Сердце его сжалось, слезы навернулись на глаза. Но тут он вспомнил, что он, как сказал Ленэ, солдат и дворянин.
“Гордость, — думал он, — единственная ободряющая сила, существующая на свете, приди ко мне на помощь! Могу ли плакать о жизни, о таком ничтожном благе!.. Как стали бы окружающие меня враги смеяться, если б могли сказать: “Каноль плакал, узнав, что надобно идти на смерть!..” Что делал я в тот день, когда осаждали Сен-Жорж и когда жители Бордо так же хотели убить меня, как теперь? Я сражался, шутил, смеялся!.. Черт возьми! Во имя Неба, которое меня слышит и которое, может быть, несправедливо ко мне; во имя дьявола, который борется в эту минуту с моим ангелом-хранителем, я и теперь сделаю то же: если не буду сражаться, так все-таки стану смеяться, стану шутить”.
В ту же минуту лицо его стало спокойным, как будто все чувства покинули его сердце, он пригладил черные свои кудри и твердым шагом, с улыбкой на устах подошел к герцогу де Ларошфуко и Ленэ:
— Господа, — сказал он, — вы знаете, что в этом мире, столь полном всевозможных странных и неожиданных случайностей, надо учиться привыкать ко всему. Мне нужна была — простите, что я вас об этом не попросил, — минута, чтобы свыкнуться с мыслью о смерти. Если это слишком много, то прошу простить, что я заставил вас ждать.

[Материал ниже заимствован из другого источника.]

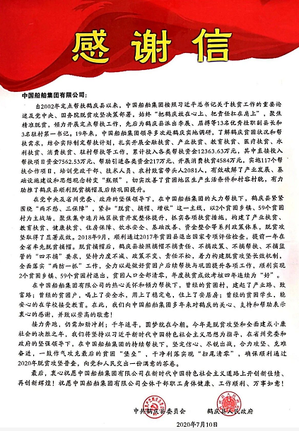 近日,中國(guó)船舶集團(tuán)收到了一封來(lái)自云南鶴慶的感謝信。從初識(shí)到現(xiàn)在,我們已在脫貧攻堅(jiān)的戰(zhàn)場(chǎng)上,攜手奮戰(zhàn)19載,如今正一鼓作氣攻克最后的貧困“堡壘”。

Глубокое удивление отразилось на лицах всех в толпе. Пленник понял, что все присутствующие переходят от изумления к восхищению им. Это сознание, для него приятное, возвысило его в собственных глазах и удвоило его силы.
— Я готов, господа, — сказал он, — я жду вас.
Герцог, на миг испытавший изумление, на минуту, стал по-прежнему хладнокровен и подал знак.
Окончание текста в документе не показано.